START Data provided
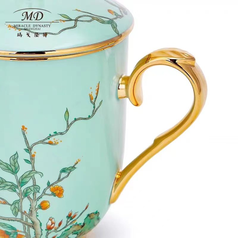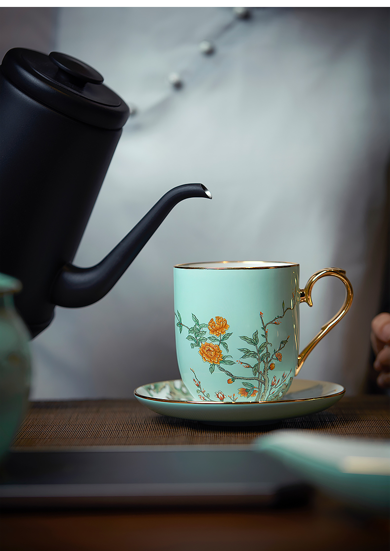 翰樂茶具半自動(dòng)時(shí)來運(yùn)轉(zhuǎn)泡茶神器描金高端輕奢HL-SMSH石墨生花9件套
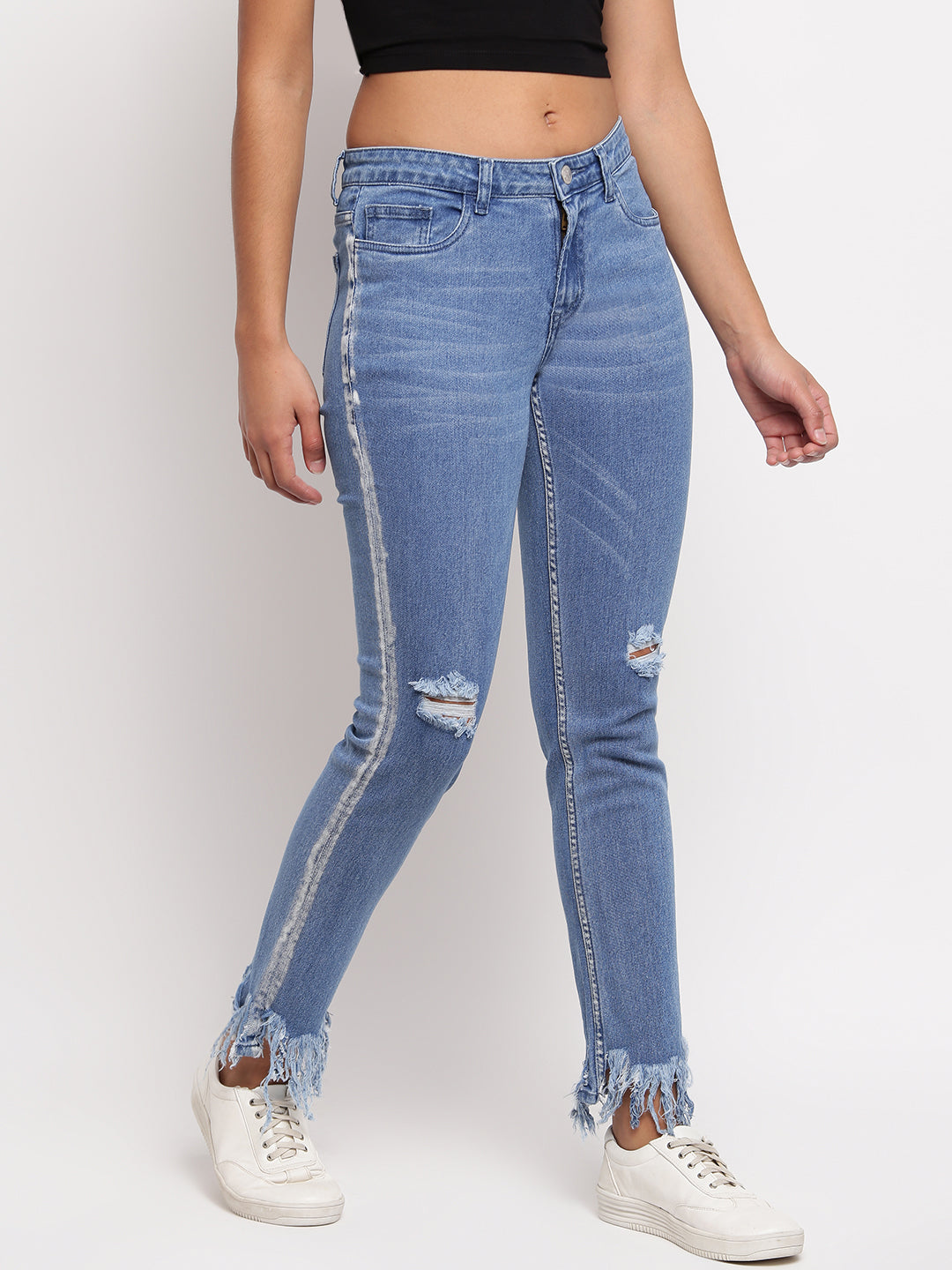 Women Mid Blue Slim Fit Distressed Denim Jeans
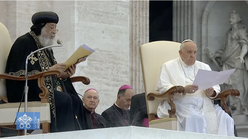 Histórica audiencia general la de este miércoles, 10 de mayo, en una Plaza de San Pedro regada por la lluvia, donde se han juntado dos papas, el de la Iglesia católica, y Tawadros II, papa de Alejandría y patriarca de la sede de San Marcos, juntos de nuevo diez años después de su primer encuentro y a medio siglo de otra histórica efeméride, la del encuentro entre sus respectivos antecesores, Pablo VI y Shenouda III, paso histórico en el reconocimiento de ambas realidades eclesiales.
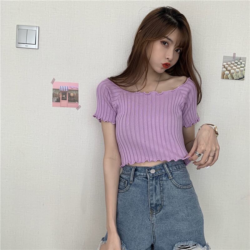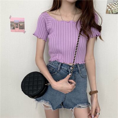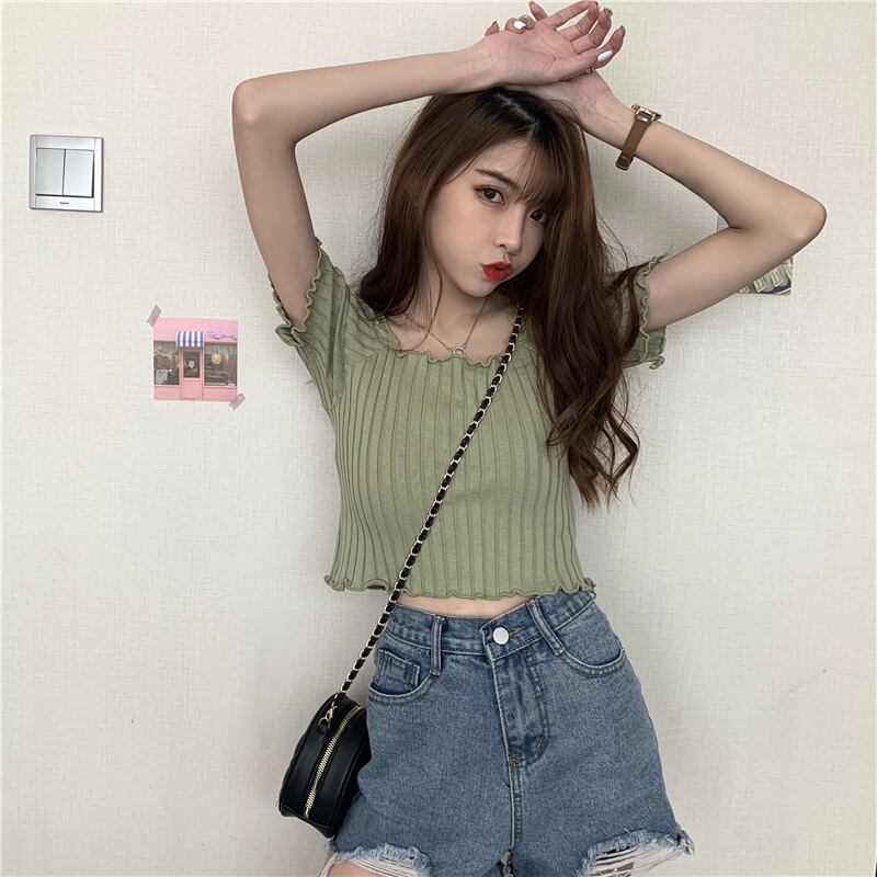 リブニット トップス ニットソー セーター ショート ショート丈 袖あり 半袖 ラウンドネック フリル かわいい 大人可愛い きれいめ シンプル カジュアル 大人 上品 おしゃれ お洒落 レトロ 大人女子 こなれ感 キュート ガーリー 個性的 セクシー モダン 主役級 存在感 無地 春 夏 10代 20代 30代 レディース OL 通勤 学生 通学 デート お出かけ 女子会 休日 着回し 普段使い 重ね着 韓国系 オルチャン 色展開 白 ホワイト 黒 ブラック 青 ブルー 緑 グリーン
END Data provided
The task: An exact reproduction of the data is needed, with no pictures included.

Solved problem:
 翰樂茶具半自動(dòng)時(shí)來運(yùn)轉(zhuǎn)泡茶神器描金高端輕奢HL-SMSH石墨生花9件套
 Women Mid Blue Slim Fit Distressed Denim Jeans
 Histórica audiencia general la de este miércoles, 10 de mayo, en una Plaza de San Pedro regada por la lluvia, donde se han juntado dos papas, el de la Iglesia católica, y Tawadros II, papa de Alejandría y patriarca de la sede de San Marcos, juntos de nuevo diez años después de su primer encuentro y a medio siglo de otra histórica efeméride, la del encuentro entre sus respectivos antecesores, Pablo VI y Shenouda III, paso histórico en el reconocimiento de ambas realidades eclesiales.
 リブニット トップス ニットソー セーター ショート ショート丈 袖あり 半袖 ラウンドネック フリル かわいい 大人可愛い きれいめ シンプル カジュアル 大人 上品 おしゃれ お洒落 レトロ 大人女子 こなれ感 キュート ガーリー 個性的 セクシー モダン 主役級 存在感 無地 春 夏 10代 20代 30代 レディース OL 通勤 学生 通学 デート お出かけ 女子会 休日 着回し 普段使い 重ね着 韓国系 オルチャン 色展開 白 ホワイト 黒 ブラック 青 ブルー 緑 グリーン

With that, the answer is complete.